▶ **DIRECTIONS**:
Copy the lines from the start of the records below through the line containing "1960s Rosenthal Studio-Line", both included, and leave out the pictures.

-- RECORDS SUPPLIED follows --

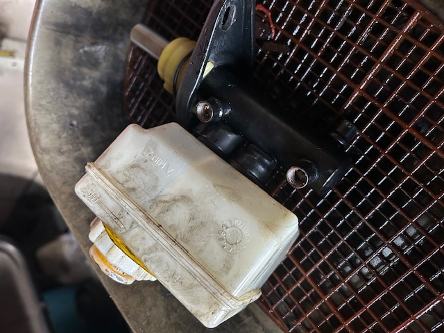 お得意様のディフェンダー110です。 ブレーキマスターシリンダー、バキュームポンプを交換です。 バキュームポンプはオイル漏れがあります。
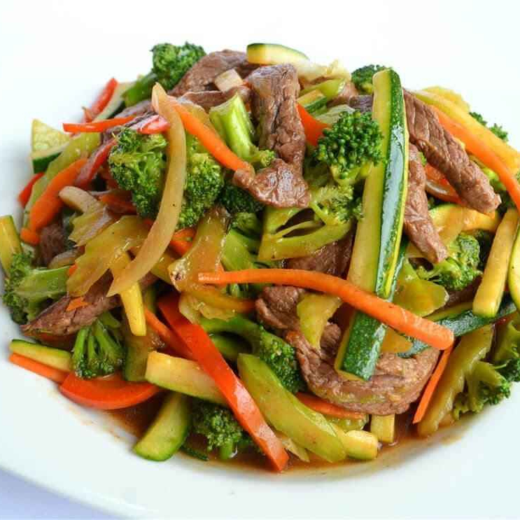 Trocitos de pollo o carne, repollo, zanahoria, cebolla, apio, salsa de soya, salteado en aceite.
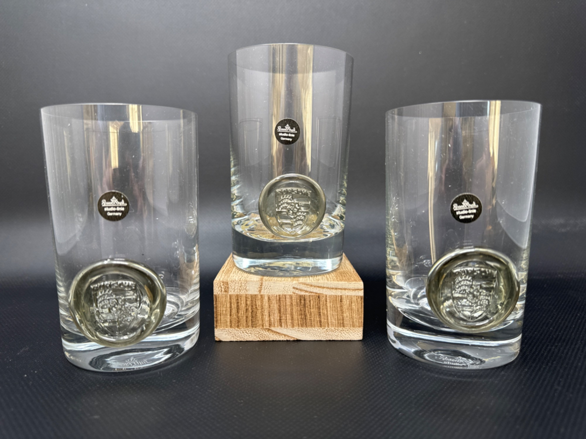 1960s Rosenthal Studio-Line Porsche Crest Cocktail Beer Glasses Set of 3 - comes in original packaging w/ stickers. Etched "Rosenthal Studio-Line on bases.
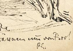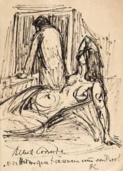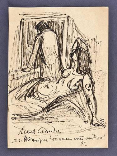 Um 1955. Zeichnung / Federzeichnung, in schwarzer Tusche, auf Maschinenbütten. – Originale Künstlergrafik, von Rudi Gruner. – Unikat. – 21,1 x 15,0 cm (Darstellung / Blatt).
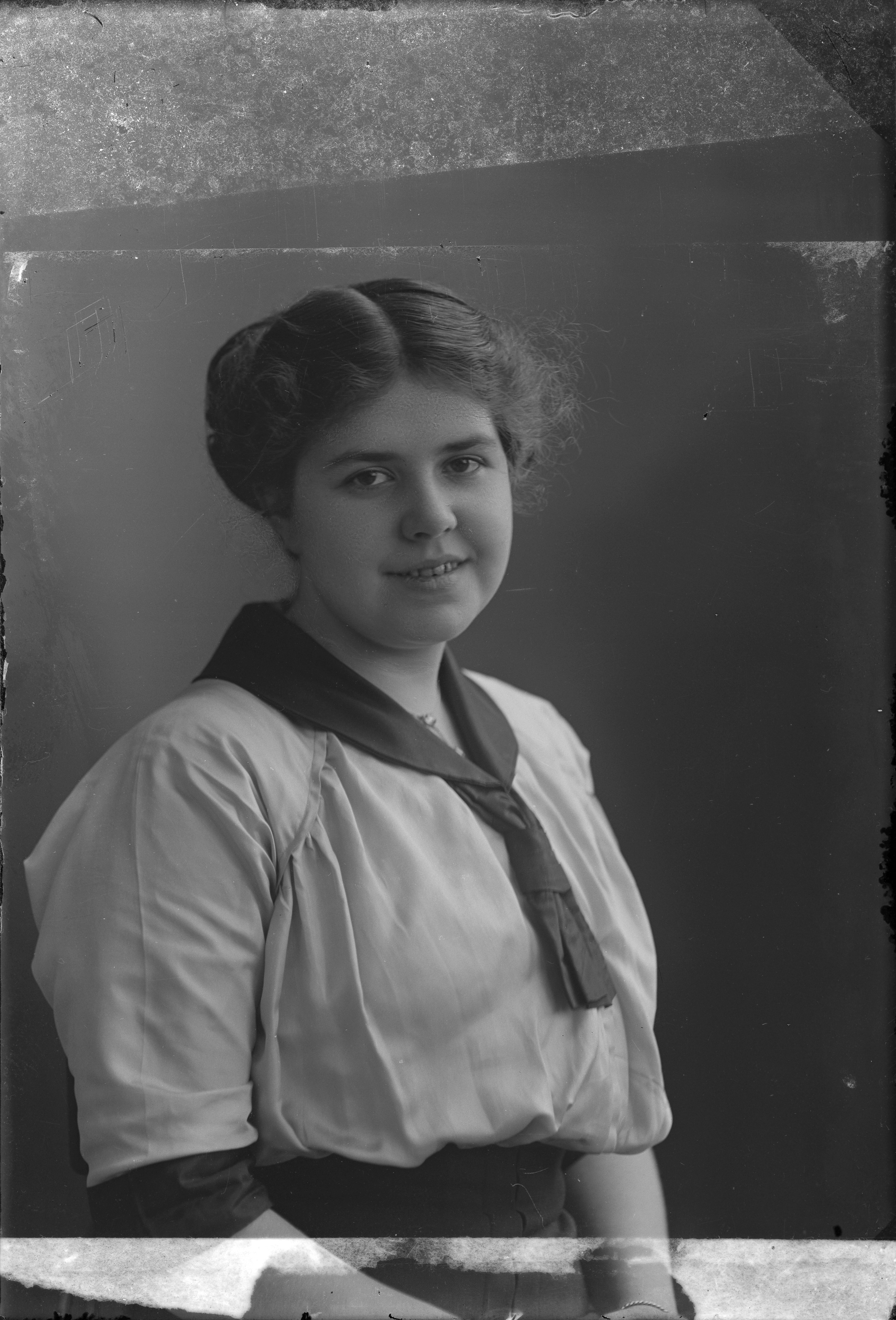 Beskrivning: Porträtt i halvfigur av Ebba Holst.
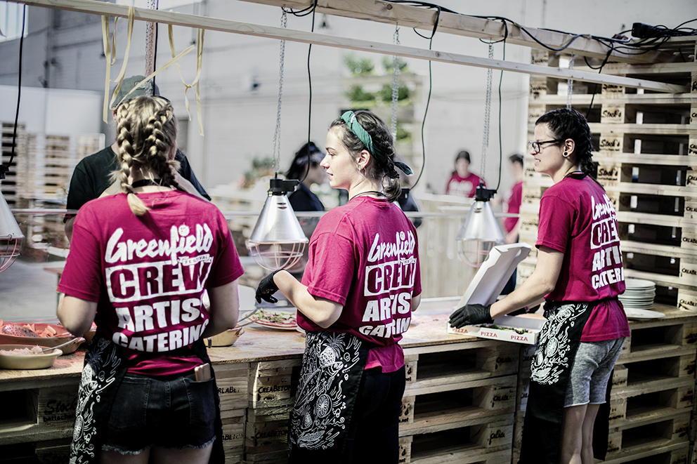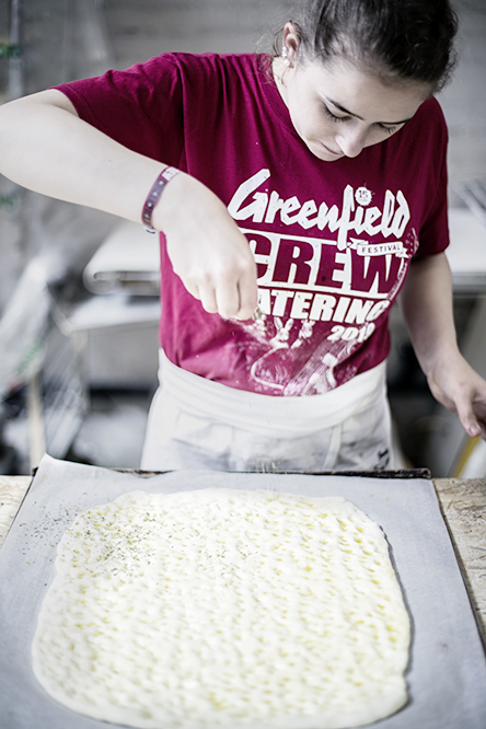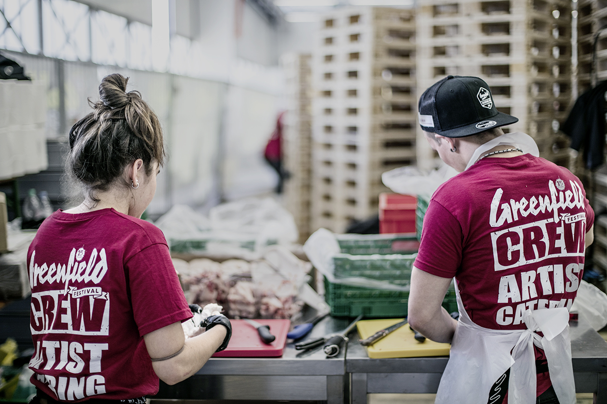 Ab 4 Uhr in der Früh werden fürs Frühstück Zopf, Gipfeli und Co gebacken. Später kommen Rinderviertel auf die offene Feuerstelle. Pizza, Pasta, Poulet – alles wird frisch zubereitet. Mit dabei ist auch Reto Walther, Geschäftsführer des Schweizer Kochverbands. Er packt an, hilft René Schudel, das ganze Lamm zu drehen, das über dem Feuer sechs Stunden lang schmort. «Was die Jungen leisten, ist beeindruckend», findet Reto Walther. «Sie kennen sich noch kaum, aber aufgrund der aussergewöhnlichen Umstände bildet sich schnell ein Team.» Melina Schenk und Nico Mazzolini stehen beide vor ihrer Abschlussprüfung. Dass sie Poulets ausnehmen müssen, kommt ihnen entgegen. Nico Mazzolini: «Das müssen wir für die Prüfung können. Eine perfekte Vorbereitung.» Schon fertig mit der Lehre ist Vanessa Hauser. «Als ich noch in der Lehre war, durfte ich nicht freinehmen», erzählt sie. «Da ich die Musik liebe und privat schon am Greenfield Festival war, wollte ich unbedingt mal mitmachen.» Sagt es und konzentriert sich wieder aufs Spargeln schälen.
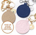 メインチャームは、上品なレザー調仕立て。ピンクには「ママになります!」、ネイビーとベージュは「そばについているよ!」というメッセージが英語で刻印されています。お揃いで使えますよ。実際に、夫婦で色違いで購入される方が多いのだとか。
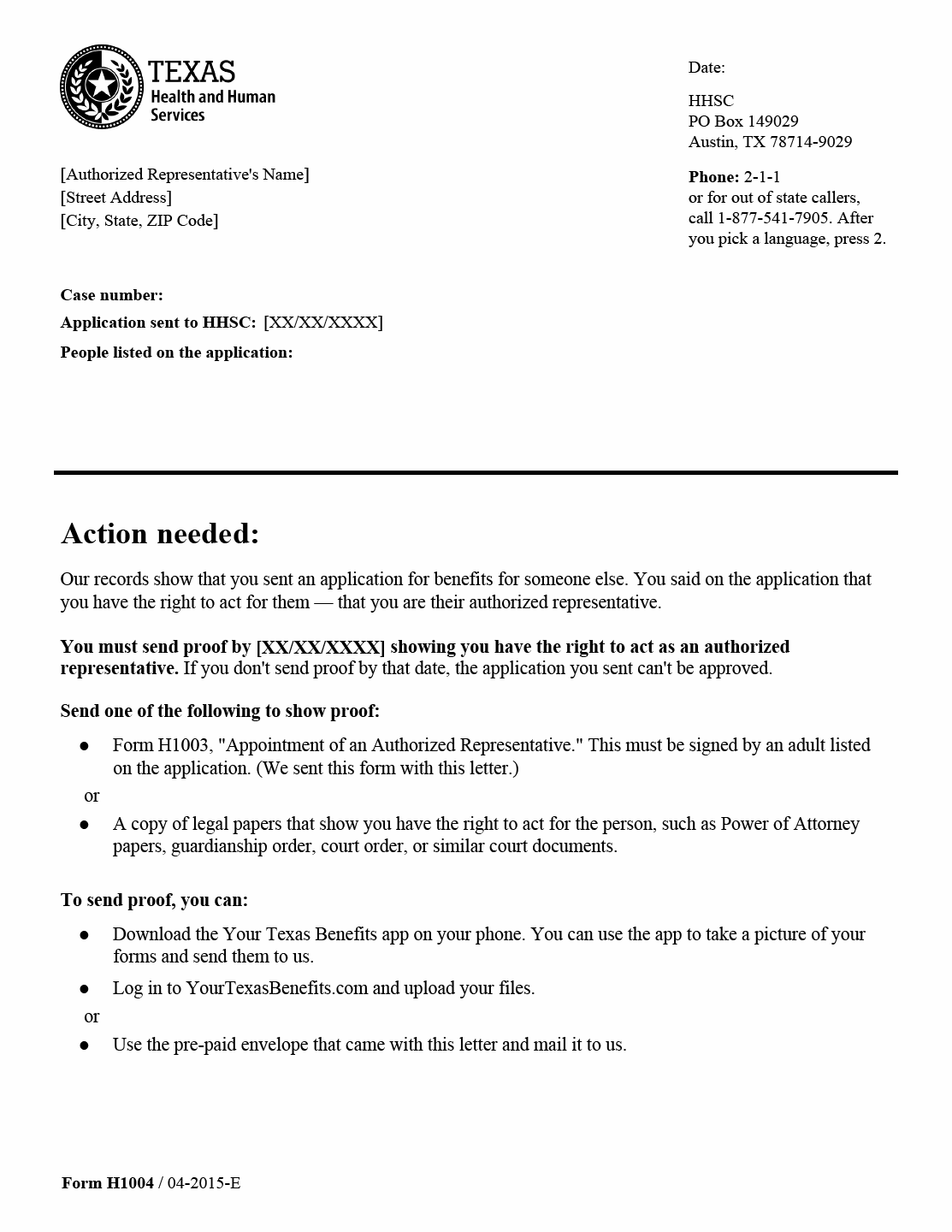 TX HHS Form H1004. Cover Letter Authorized Representative Not Verified

-- RECORDS SUPPLIED concluded --

▶ **ANSWER AREA**:
 お得意様のディフェンダー110です。 ブレーキマスターシリンダー、バキュームポンプを交換です。 バキュームポンプはオイル漏れがあります。
 Trocitos de pollo o carne, repollo, zanahoria, cebolla, apio, salsa de soya, salteado en aceite.
 1960s Rosenthal Studio-Line Porsche Crest Cocktail Beer Glasses Set of 3 - comes in original packaging w/ stickers. Etched "Rosenthal Studio-Line on bases.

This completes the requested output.